RECORDS TO USE:

======

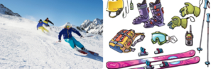 崇礼县城领取滑雪装备(雪鞋+雪具+雪仗+头盔+雪服+手套+雪镜)
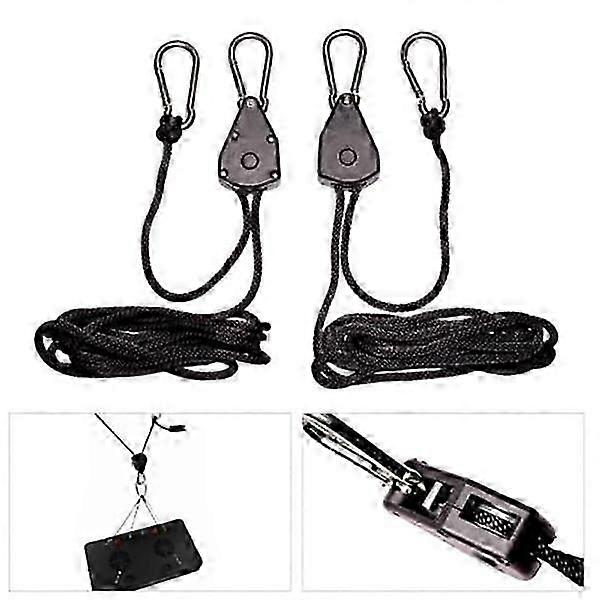 2-Pack Adjustable Ratchet Rope Hangers for Grow Lights - 1/8 inch Black Straps, One Size Fits All
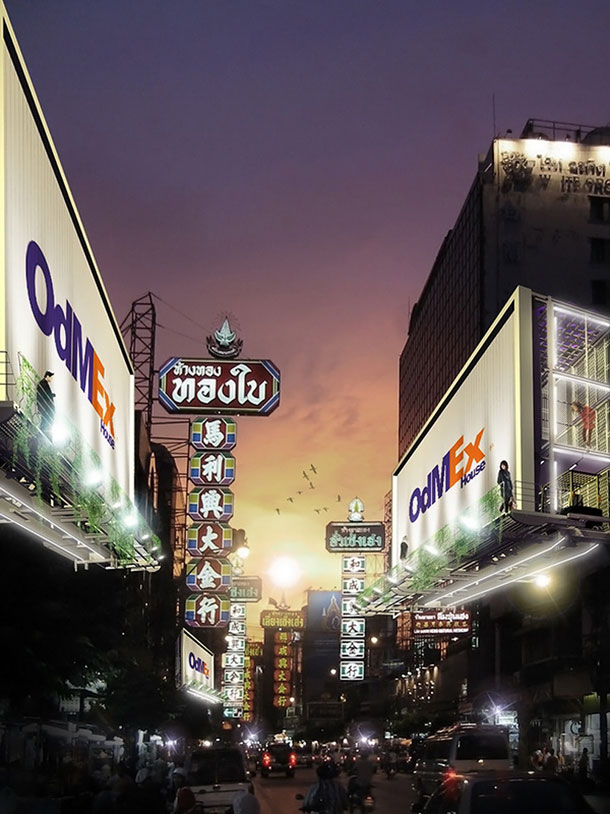 Strana kontejnera koja gleda prema ulici uvijek je zakrivena billboardom, što omogućuje dovoljno privatnosti stanovnicima, ali i dovoljnu protočnost svjetlosti i zraka na ostalim otvorenim stranama. Ovakav pomalo kontroverzan način stanovanja može djelovati izrabljivački, no kada promislimo da danas gotovo na svakoj fasadi kuće možemo vidjeti ovješene reklamne panoe za koje se plaćaju minimalni prihodi vlasnicima stanova, poprilično srozavajući njihovu kvalitetu života i maksimalno otežavajući percepciju arhitekture i urbanističkih dimenzija grada, onda ovaj način djeluje poprilično pošten omjer snaga. No o problemima urbanog advertisinga više možete pročitati u tekstu Fedora Kritovca ovdje.
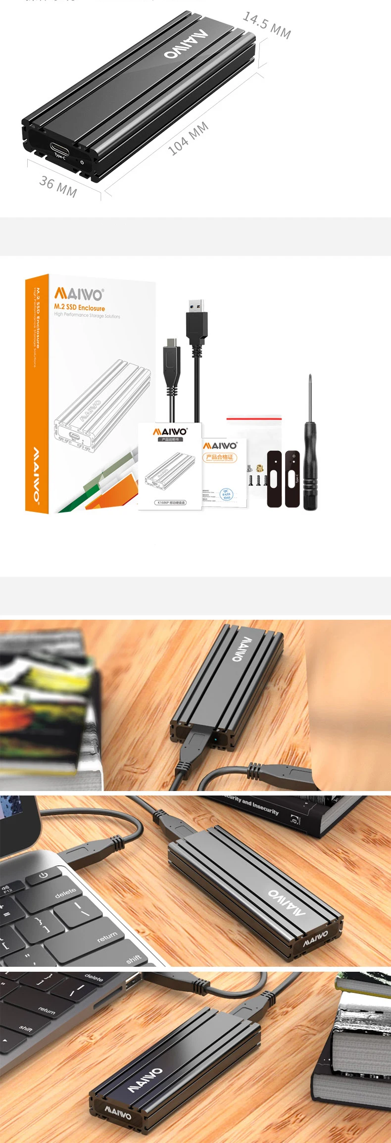 Modelo: K1686PTipo de soporte: unidad de estado sólido con protocolo M.2 NVMETamaño de soporte: 2230/2242/2260/2280MMInterfaz de soporte: TYPE-CMaterial: aleación de aluminioTamaño: 104*36*14,5mmSistema de soporte: WINDOWS/MAC OS
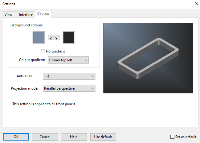 In the settings dialog’s 3D view tab (Ctrl + E), you specify the settings for the 3D view window.
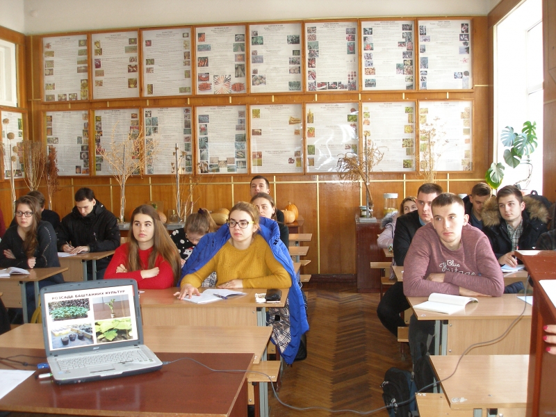 20.02.2017 р. в аудиторії 42, 7-го навчального корпусу відбулася відкрита лекція доцента кафедри овочівництва Бобось Ірини Макарівни з дисципліни «Овочівництво відкритого ґрунту». Лекція прочитана для студентів IV курсу 5 групи агробіологічного факультету на тему: «Значення та сучасні технології вирощування баштанних культур».
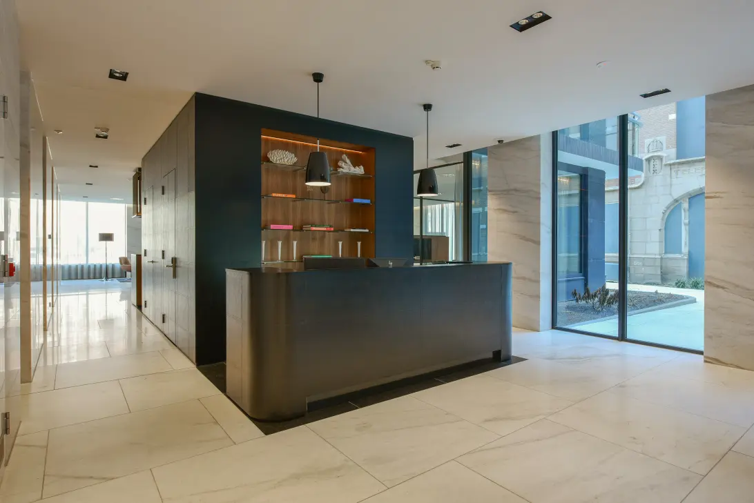 De Hooch heeft Nederlands’ meest exclusieve lobby; in de 250 m² lobby bevindt zich een bar, een luxe lounge met open haard en een vergaderruimte. De conciërge van De Hooch is in de lobby gehuisvest en fungeert als een moderne butler. Deze kan zorgdragen voor de ontvangst van gasten, maar ook voor onder meer pakketontvangst, stomerijverzoeken en uitlaatservice voor huisdieren. Indicatie van de servicekosten voor de woning: circa € 728 p.m.

======

PROBLEM STATEMENT: Could you write out verbatim only those lines that run from the line containing "Modelo: K1686PTipo de" through the end of the listing above, both included, without the pictures?

TASK ANSWER:
 Modelo: K1686PTipo de soporte: unidad de estado sólido con protocolo M.2 NVMETamaño de soporte: 2230/2242/2260/2280MMInterfaz de soporte: TYPE-CMaterial: aleación de aluminioTamaño: 104*36*14,5mmSistema de soporte: WINDOWS/MAC OS
 In the settings dialog’s 3D view tab (Ctrl + E), you specify the settings for the 3D view window.
 20.02.2017 р. в аудиторії 42, 7-го навчального корпусу відбулася відкрита лекція доцента кафедри овочівництва Бобось Ірини Макарівни з дисципліни «Овочівництво відкритого ґрунту». Лекція прочитана для студентів IV курсу 5 групи агробіологічного факультету на тему: «Значення та сучасні технології вирощування баштанних культур».
 De Hooch heeft Nederlands’ meest exclusieve lobby; in de 250 m² lobby bevindt zich een bar, een luxe lounge met open haard en een vergaderruimte. De conciërge van De Hooch is in de lobby gehuisvest en fungeert als een moderne butler. Deze kan zorgdragen voor de ontvangst van gasten, maar ook voor onder meer pakketontvangst, stomerijverzoeken en uitlaatservice voor huisdieren. Indicatie van de servicekosten voor de woning: circa € 728 p.m.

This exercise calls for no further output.